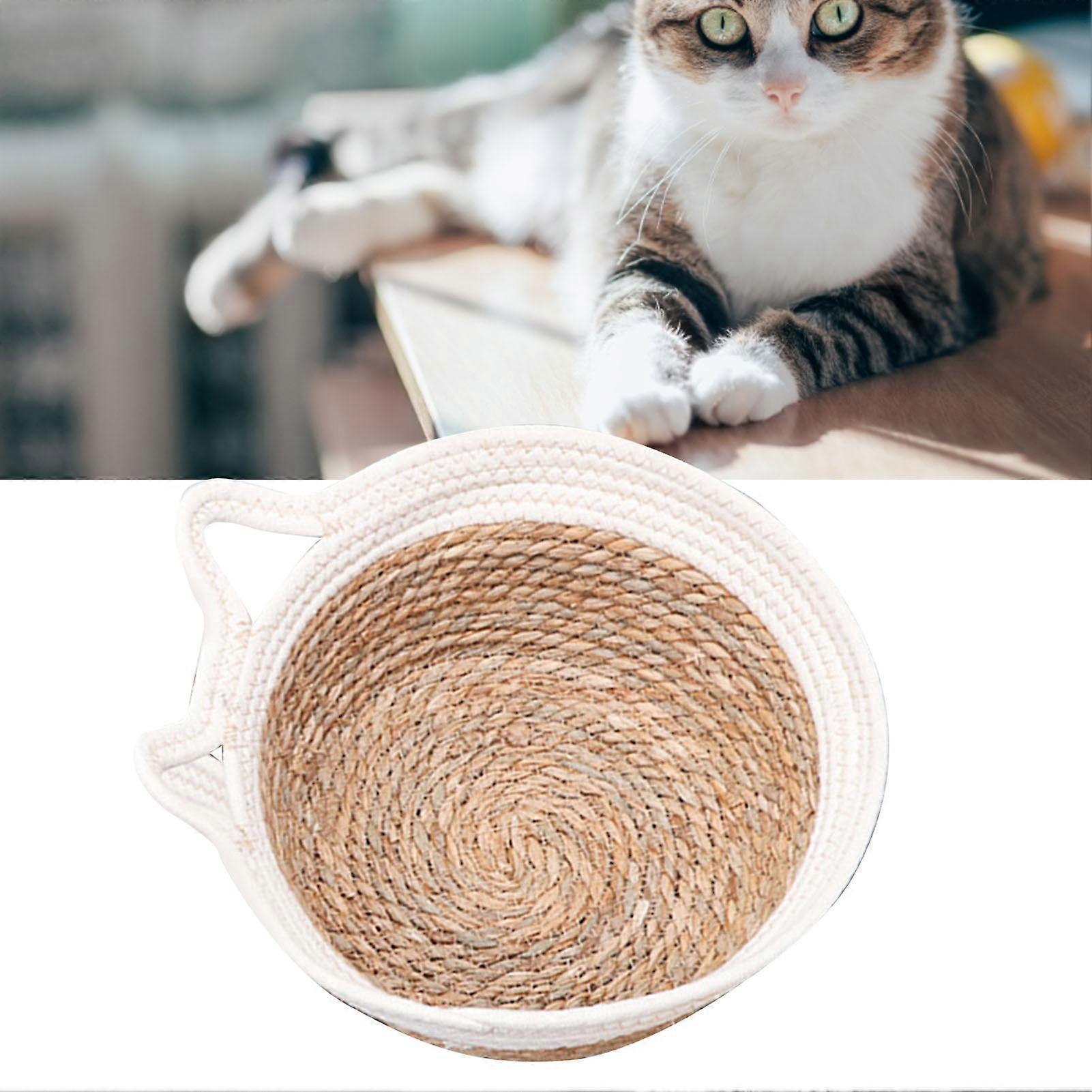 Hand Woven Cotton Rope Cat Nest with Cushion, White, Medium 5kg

+ + + + +

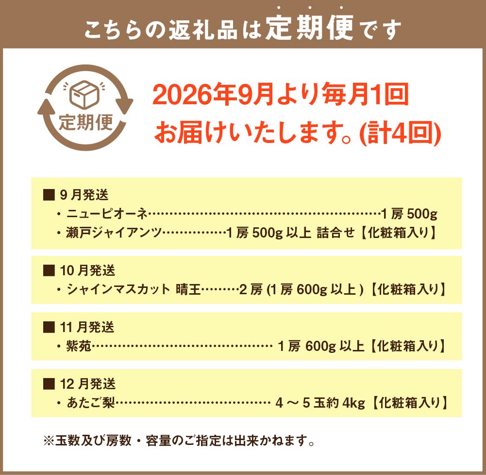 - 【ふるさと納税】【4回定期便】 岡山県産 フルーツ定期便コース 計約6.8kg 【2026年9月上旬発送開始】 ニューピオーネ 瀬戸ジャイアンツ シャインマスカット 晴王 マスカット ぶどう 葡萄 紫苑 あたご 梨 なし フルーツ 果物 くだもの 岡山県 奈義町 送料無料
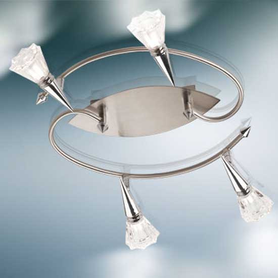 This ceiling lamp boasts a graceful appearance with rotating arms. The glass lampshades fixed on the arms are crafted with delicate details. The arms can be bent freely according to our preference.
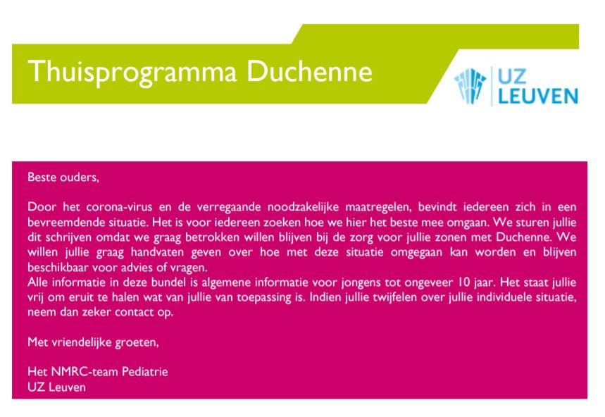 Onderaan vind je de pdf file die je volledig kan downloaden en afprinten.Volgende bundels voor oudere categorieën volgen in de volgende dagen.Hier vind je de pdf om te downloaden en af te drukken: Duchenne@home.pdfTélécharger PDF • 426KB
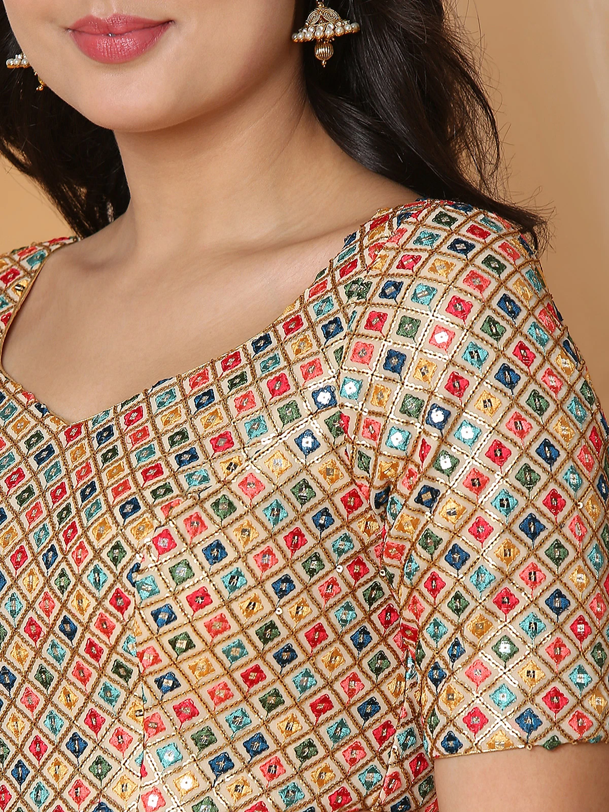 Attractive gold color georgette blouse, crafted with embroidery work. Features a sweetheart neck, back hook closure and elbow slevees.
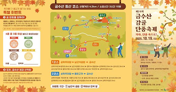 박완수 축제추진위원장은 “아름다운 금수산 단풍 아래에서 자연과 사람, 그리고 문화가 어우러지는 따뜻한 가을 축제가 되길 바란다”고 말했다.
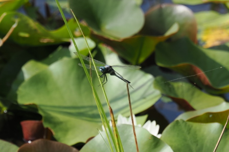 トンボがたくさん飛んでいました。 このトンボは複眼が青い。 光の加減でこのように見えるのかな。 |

+ + + + +

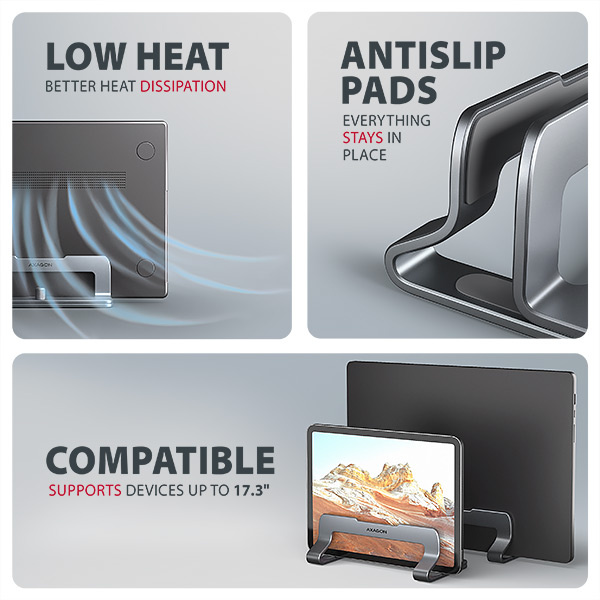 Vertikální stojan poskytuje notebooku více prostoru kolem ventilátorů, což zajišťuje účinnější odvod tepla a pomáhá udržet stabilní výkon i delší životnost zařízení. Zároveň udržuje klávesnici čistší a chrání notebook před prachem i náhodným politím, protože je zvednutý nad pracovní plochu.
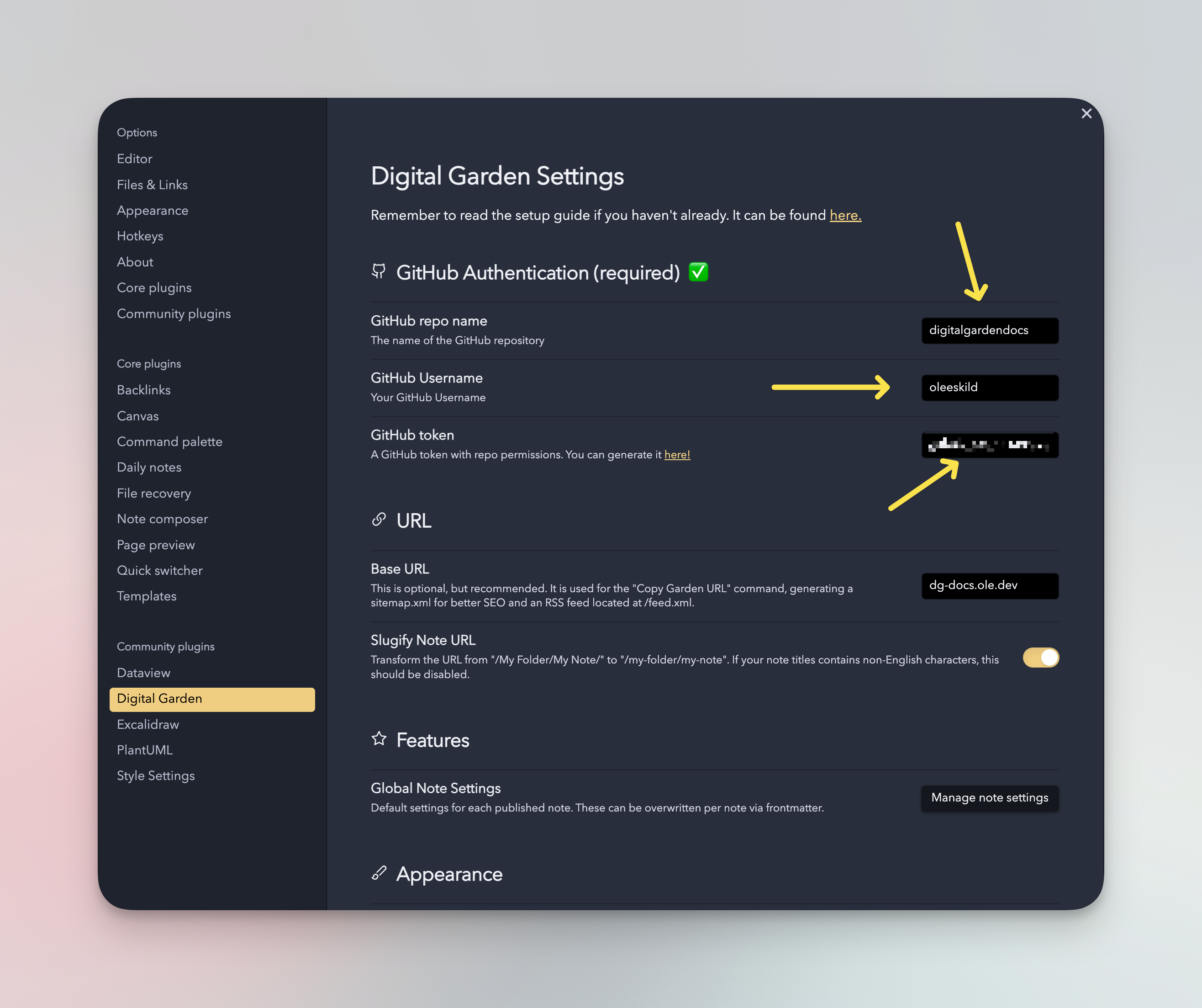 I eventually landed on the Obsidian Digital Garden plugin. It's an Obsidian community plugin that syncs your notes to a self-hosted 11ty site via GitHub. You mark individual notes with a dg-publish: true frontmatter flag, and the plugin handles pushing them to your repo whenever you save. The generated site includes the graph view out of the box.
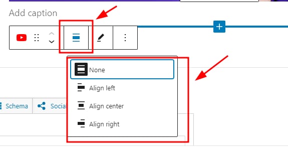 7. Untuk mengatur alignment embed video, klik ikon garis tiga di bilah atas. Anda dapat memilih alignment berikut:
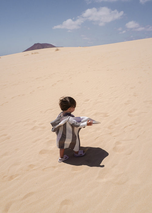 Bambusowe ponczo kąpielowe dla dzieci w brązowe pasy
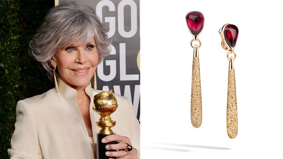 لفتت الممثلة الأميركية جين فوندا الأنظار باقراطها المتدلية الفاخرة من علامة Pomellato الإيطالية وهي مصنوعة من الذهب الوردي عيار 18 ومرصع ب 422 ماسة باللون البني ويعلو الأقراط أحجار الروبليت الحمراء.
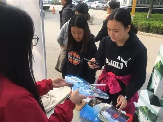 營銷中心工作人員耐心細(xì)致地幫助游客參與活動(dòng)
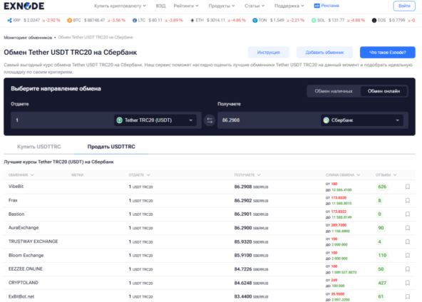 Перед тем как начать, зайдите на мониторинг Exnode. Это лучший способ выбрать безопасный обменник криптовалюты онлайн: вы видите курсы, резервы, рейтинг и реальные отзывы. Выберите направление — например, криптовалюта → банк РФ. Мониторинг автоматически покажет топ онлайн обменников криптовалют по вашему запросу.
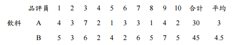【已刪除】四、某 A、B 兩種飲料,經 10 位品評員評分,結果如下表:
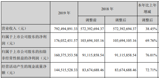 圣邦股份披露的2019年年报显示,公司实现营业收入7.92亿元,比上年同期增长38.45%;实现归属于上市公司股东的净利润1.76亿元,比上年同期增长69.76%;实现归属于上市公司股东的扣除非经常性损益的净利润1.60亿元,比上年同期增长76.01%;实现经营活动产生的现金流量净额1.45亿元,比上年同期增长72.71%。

+ + + + +

Problem description: In the listing above, find the line containing "7. Untuk mengatur" and the line containing "Bambusowe ponczo kąpielowe", then print exactly those two lines and every line between them, minus the pictures.

Reply to the task:
 7. Untuk mengatur alignment embed video, klik ikon garis tiga di bilah atas. Anda dapat memilih alignment berikut:
 Bambusowe ponczo kąpielowe dla dzieci w brązowe pasy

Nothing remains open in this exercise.